Data excerpts
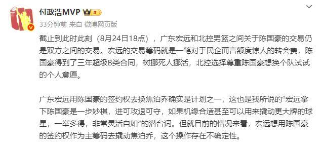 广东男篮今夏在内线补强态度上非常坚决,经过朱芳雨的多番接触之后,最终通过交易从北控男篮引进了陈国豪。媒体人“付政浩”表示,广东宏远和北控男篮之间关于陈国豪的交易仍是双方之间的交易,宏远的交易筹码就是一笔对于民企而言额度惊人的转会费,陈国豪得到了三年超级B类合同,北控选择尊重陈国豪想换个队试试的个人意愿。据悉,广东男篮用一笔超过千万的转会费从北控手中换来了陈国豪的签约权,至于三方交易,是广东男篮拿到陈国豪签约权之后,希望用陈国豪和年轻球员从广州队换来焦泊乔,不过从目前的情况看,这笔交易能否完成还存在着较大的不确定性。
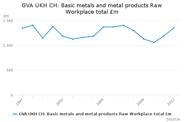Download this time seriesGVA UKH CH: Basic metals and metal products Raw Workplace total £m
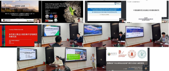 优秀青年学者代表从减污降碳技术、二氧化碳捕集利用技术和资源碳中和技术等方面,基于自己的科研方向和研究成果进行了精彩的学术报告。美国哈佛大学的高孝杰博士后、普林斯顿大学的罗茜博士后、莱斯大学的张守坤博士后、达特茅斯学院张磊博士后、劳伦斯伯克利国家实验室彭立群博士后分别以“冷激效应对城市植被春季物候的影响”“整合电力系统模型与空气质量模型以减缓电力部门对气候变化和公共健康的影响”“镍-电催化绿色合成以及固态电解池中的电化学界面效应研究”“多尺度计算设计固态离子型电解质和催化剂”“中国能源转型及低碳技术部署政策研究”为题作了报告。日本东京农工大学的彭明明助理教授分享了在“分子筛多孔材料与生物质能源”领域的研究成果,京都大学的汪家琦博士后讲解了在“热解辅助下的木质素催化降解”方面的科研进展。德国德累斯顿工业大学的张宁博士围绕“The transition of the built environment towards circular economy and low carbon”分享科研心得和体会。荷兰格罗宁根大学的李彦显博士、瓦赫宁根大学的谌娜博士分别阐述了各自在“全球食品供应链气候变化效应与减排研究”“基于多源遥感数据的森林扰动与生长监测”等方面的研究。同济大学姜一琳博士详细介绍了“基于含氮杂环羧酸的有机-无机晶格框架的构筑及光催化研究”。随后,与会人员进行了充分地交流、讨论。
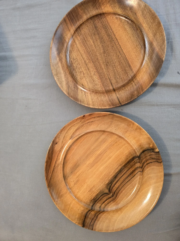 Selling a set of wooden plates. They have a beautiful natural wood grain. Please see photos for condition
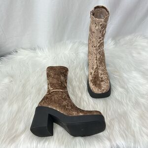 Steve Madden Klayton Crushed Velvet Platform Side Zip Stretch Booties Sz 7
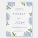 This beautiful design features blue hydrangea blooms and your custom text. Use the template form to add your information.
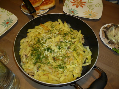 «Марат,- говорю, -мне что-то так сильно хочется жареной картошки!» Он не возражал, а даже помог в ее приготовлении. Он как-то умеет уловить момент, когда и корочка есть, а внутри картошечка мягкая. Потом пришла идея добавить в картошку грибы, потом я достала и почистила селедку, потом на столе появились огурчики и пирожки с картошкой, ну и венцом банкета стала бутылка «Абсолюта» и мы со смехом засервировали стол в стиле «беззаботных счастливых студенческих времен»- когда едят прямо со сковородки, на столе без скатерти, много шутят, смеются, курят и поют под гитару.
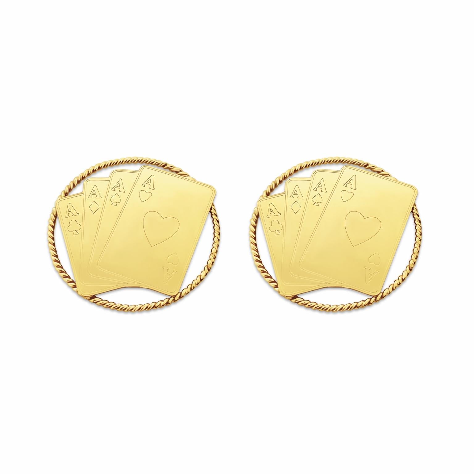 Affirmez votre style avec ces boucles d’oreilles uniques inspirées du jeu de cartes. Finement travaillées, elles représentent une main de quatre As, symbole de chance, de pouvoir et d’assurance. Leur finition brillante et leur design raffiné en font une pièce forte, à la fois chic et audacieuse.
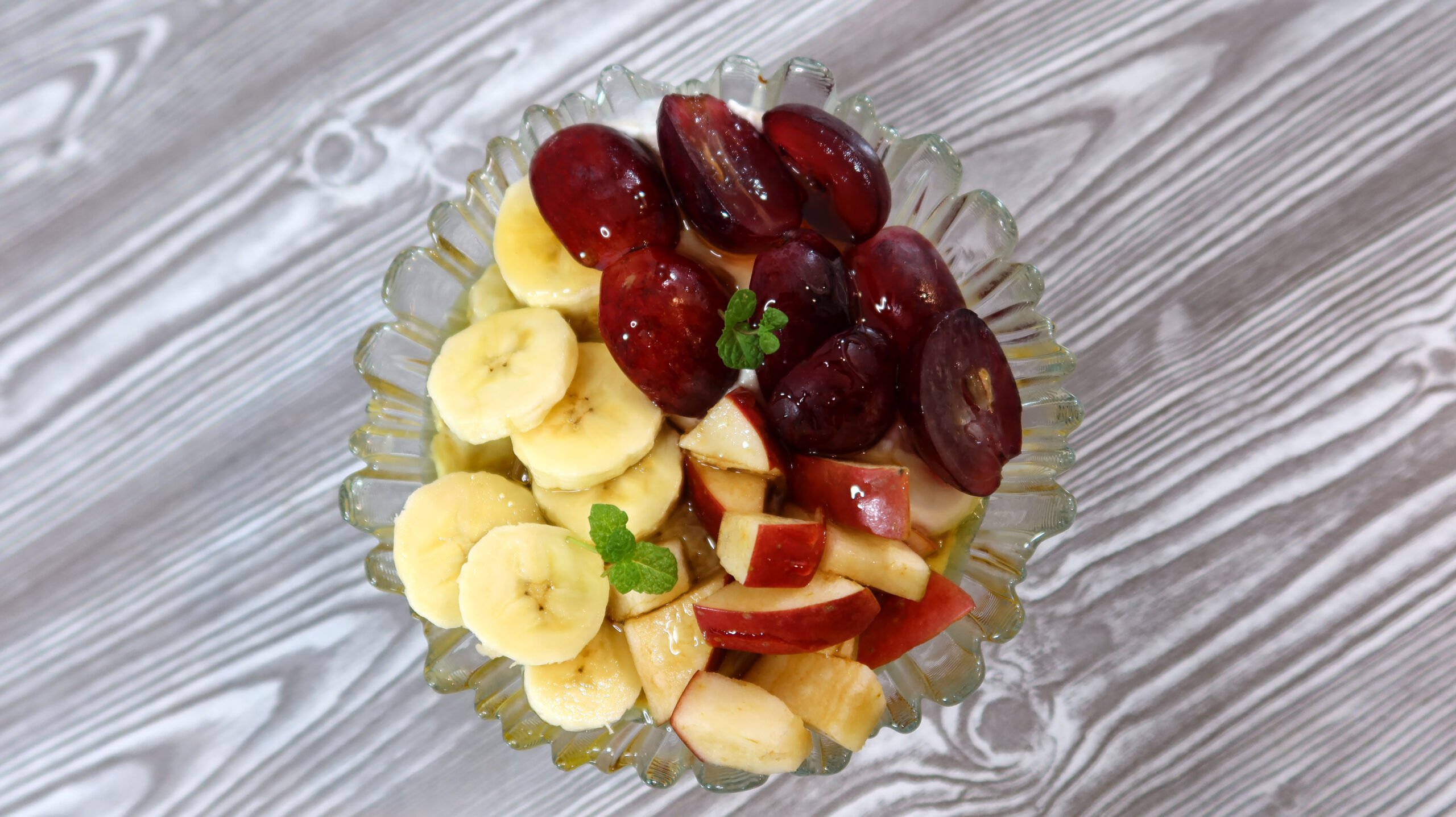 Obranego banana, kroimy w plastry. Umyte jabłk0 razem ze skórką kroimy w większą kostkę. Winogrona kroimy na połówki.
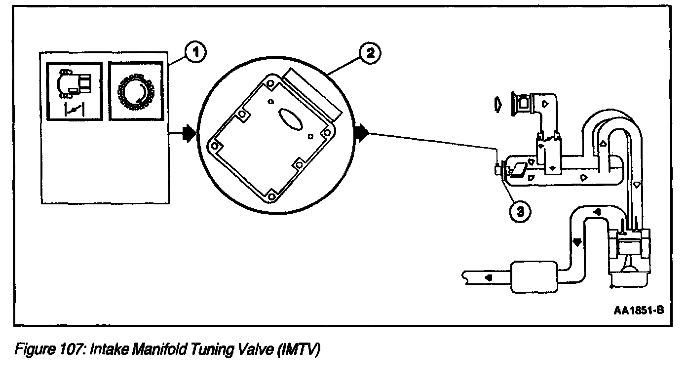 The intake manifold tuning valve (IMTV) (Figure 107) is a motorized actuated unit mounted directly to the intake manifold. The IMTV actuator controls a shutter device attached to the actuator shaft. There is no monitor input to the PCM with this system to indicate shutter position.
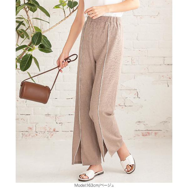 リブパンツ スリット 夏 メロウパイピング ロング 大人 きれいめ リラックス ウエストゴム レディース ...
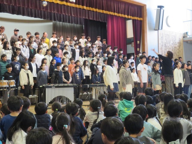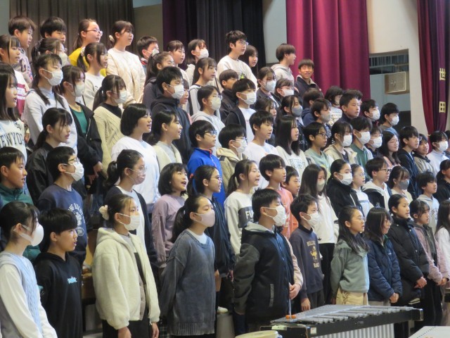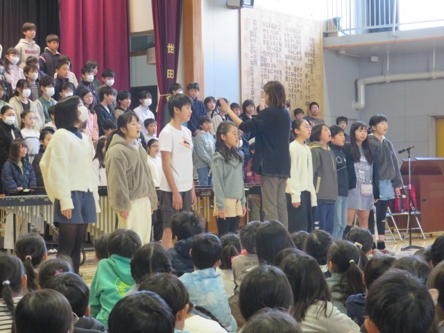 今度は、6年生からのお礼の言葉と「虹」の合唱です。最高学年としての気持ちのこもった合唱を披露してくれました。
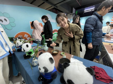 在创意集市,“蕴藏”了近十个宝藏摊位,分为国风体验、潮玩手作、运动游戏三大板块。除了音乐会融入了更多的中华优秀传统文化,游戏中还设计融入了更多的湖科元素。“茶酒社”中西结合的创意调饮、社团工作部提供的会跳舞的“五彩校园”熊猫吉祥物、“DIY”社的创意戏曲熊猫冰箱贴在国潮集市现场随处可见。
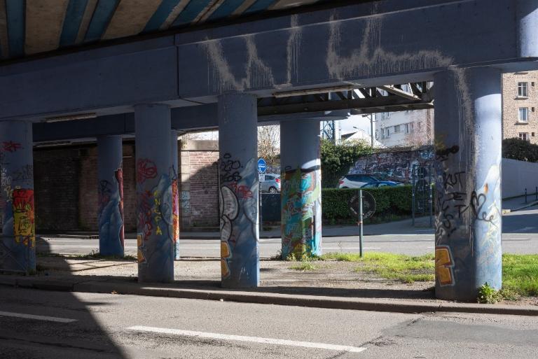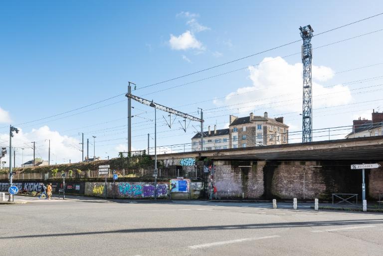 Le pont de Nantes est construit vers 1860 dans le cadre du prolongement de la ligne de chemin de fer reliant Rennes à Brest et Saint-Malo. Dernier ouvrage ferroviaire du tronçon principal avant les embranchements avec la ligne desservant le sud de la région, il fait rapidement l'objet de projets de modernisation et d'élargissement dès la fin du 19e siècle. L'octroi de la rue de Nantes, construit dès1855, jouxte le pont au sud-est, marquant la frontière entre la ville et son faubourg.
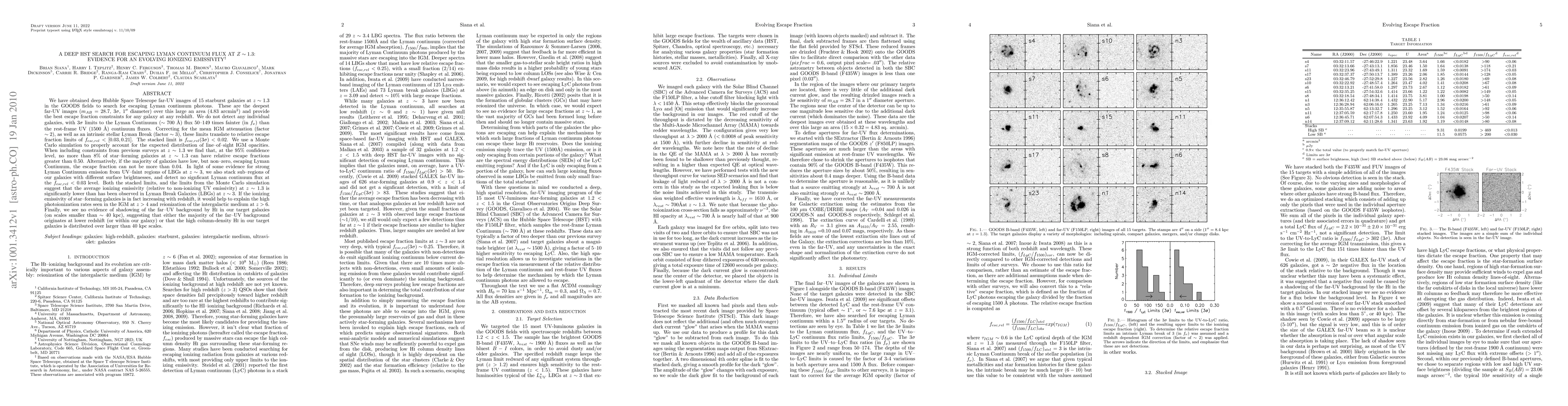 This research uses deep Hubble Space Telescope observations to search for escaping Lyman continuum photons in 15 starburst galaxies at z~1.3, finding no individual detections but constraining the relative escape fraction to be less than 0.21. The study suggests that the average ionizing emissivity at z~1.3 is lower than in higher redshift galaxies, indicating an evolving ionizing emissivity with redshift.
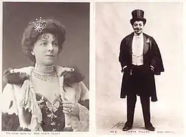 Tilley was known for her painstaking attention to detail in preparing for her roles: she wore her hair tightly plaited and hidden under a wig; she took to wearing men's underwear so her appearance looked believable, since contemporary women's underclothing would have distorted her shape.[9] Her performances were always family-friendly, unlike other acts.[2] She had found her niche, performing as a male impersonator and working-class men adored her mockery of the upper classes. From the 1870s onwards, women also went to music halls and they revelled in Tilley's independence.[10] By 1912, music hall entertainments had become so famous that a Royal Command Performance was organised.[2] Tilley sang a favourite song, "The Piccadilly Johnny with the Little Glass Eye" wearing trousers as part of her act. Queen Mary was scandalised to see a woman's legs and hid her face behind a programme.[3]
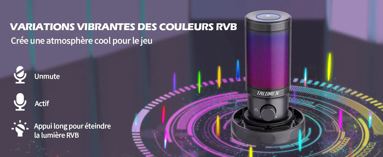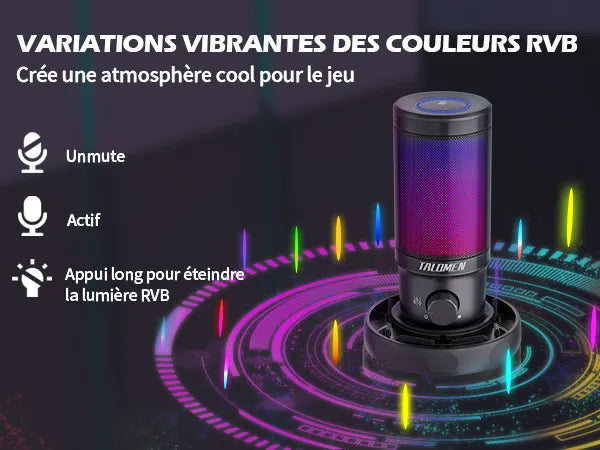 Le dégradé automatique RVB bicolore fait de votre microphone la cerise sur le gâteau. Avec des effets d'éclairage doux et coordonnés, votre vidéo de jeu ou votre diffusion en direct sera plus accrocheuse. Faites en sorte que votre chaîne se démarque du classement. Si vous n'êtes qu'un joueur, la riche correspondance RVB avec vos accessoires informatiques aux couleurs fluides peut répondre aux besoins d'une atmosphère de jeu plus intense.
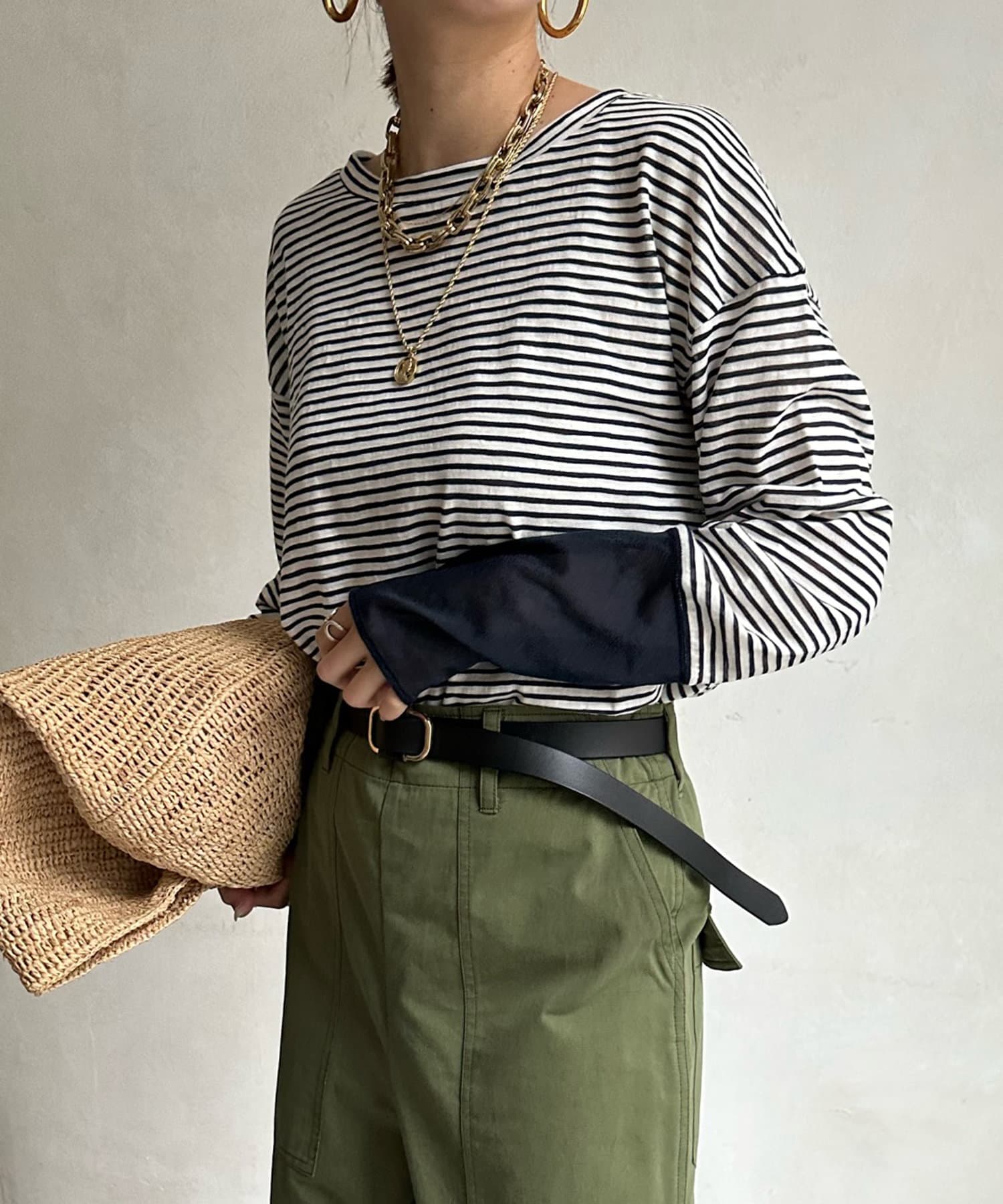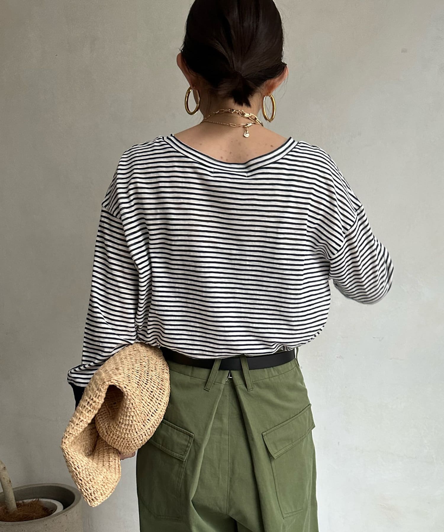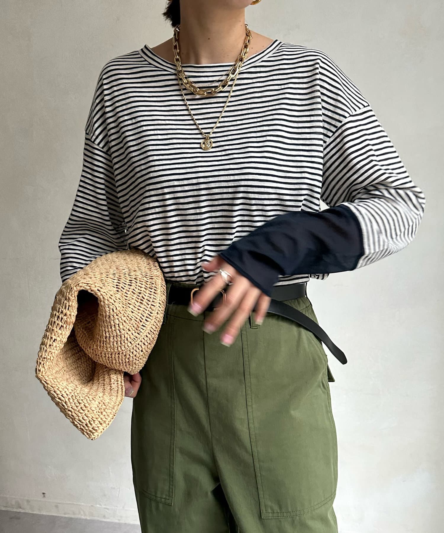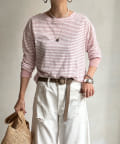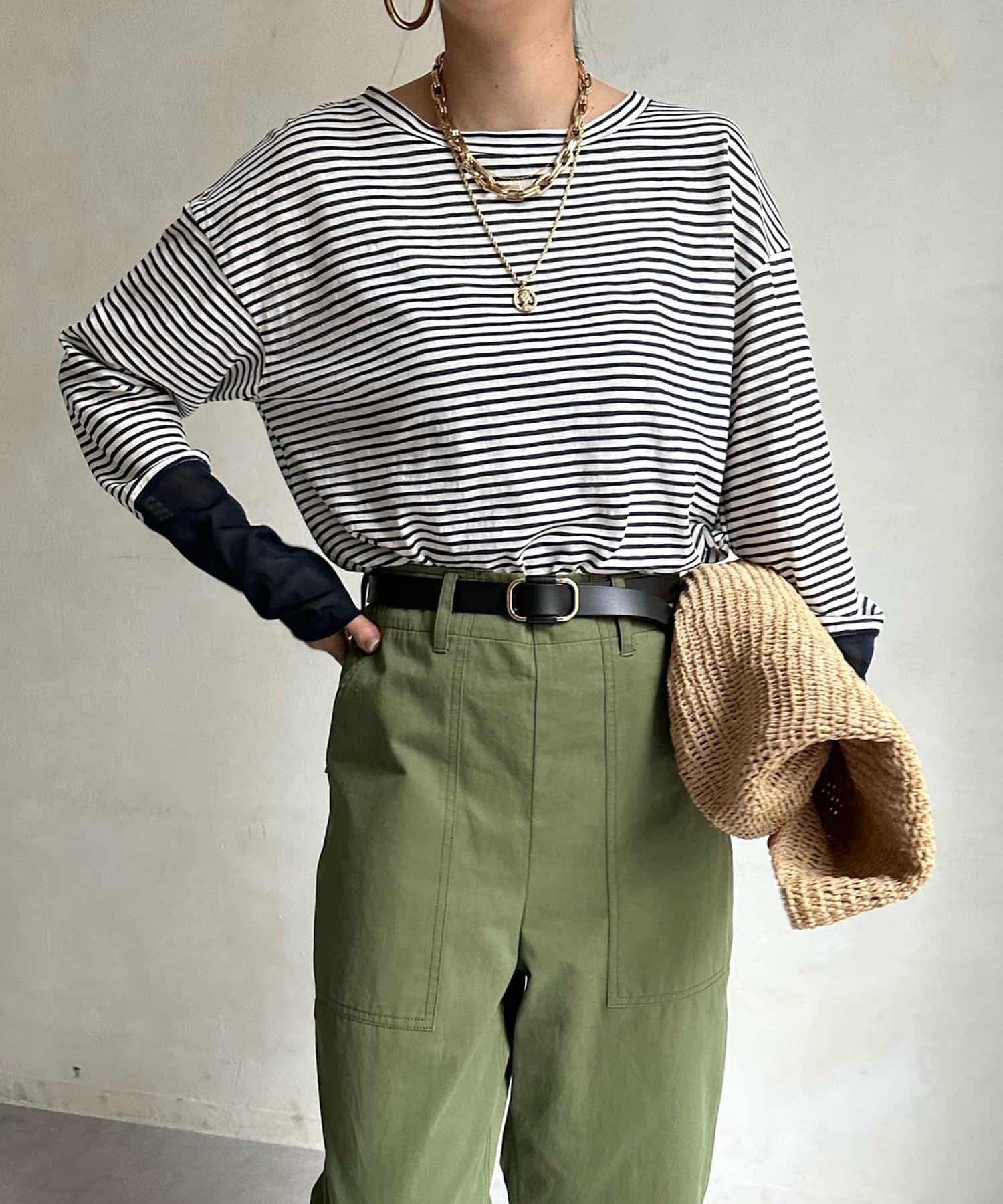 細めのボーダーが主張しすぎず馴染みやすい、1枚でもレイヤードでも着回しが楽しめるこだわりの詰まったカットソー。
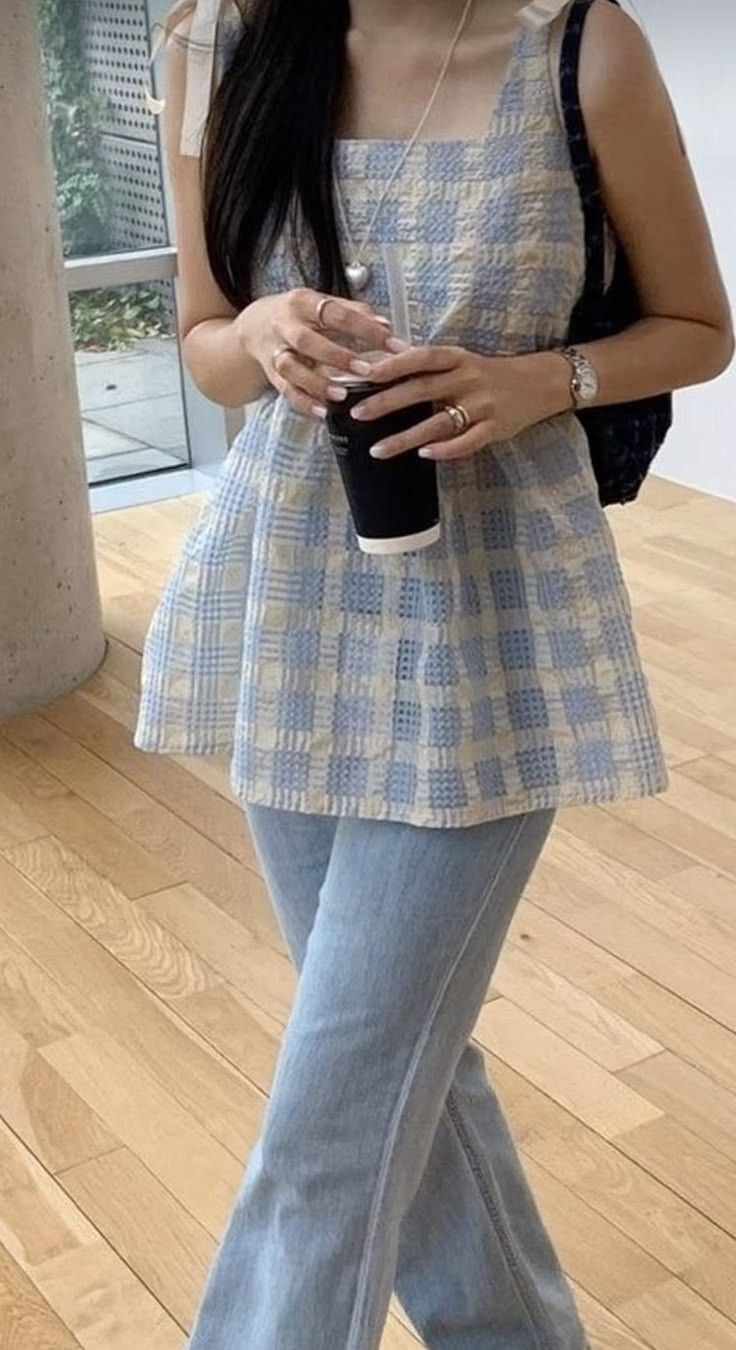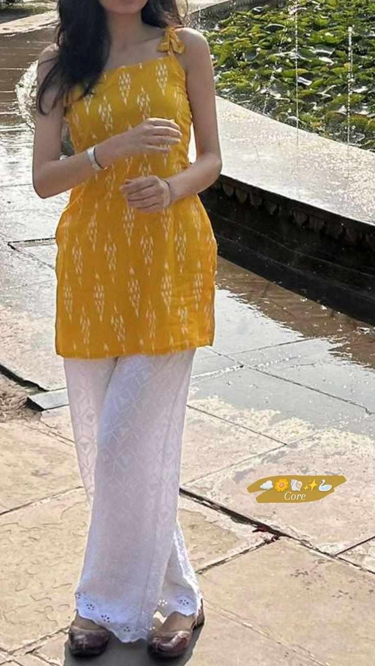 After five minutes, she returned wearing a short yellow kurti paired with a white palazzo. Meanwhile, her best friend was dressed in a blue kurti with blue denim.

Work instruction
Transcribe, word for word, the lines of the listing above from the one that contains "Selling a set" through the one that contains "This beautiful design", keeping both ends and dropping the pictures.

Exercise output
 Selling a set of wooden plates. They have a beautiful natural wood grain. Please see photos for condition
 Steve Madden Klayton Crushed Velvet Platform Side Zip Stretch Booties Sz 7
 This beautiful design features blue hydrangea blooms and your custom text. Use the template form to add your information.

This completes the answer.